Financial Outlook: The U.S. economic system could have misplaced jobs in December for the primary time because the earliest levels of the coronavirus pandemic

The U.S. economy stumbled on target towards the end of 2020. The recovery from the coronavirus pandemic slowed and there was a risk of job losses for the first time since the pandemic broke out last spring.

Wall Street forecasts a modest spike in job creation in December when the government releases its final monthly employment report for 2020 next Friday.
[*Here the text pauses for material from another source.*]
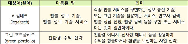 문체부와 국어원은 ‘리걸테크’처럼 어려운 말 때문에 국민이 정보에서 소외되지 않도록 ‘법률 정보 기술, 법률 정보 기술 서비스’와 같이 쉬운 말로 발 빠르게 다듬고 있다. 꼽힌된 말 말고도 일반 국민이 이해하기 쉬운 다른 우리말 바꿈말이 있다면 쓸 수 있다. 앞으로도 문체부와 국어원은 정부 부처와 언론사가 주도적으로 쉬운 말을 사용할 수 있도록 계속 홍보할 계획이다.

But economists' predictions are widespread: estimates range from a modest increase of 200,000 jobs to a decrease of 175,000, which would mark the first decline in seven months.

See: MarketWatch Economic Calendar

Add to that the confusion: a potentially major disruption to normal hiring patterns during the holiday season.

Certain companies such as retailers have fewer employees in stores than usual, while shipping companies such as UPS
+ 1.31%
and Amazon
The delivery service added more staff to distribute packages.

Read: When do unemployed Americans get their additional $ 300 benefits?

Aside from a surprisingly large surge in attitudes, the outcome is unlikely to matter much to financial markets. Inventories have increased in anticipation of the wider availability of COVID-19 vaccines, which will spur economic growth through 2021.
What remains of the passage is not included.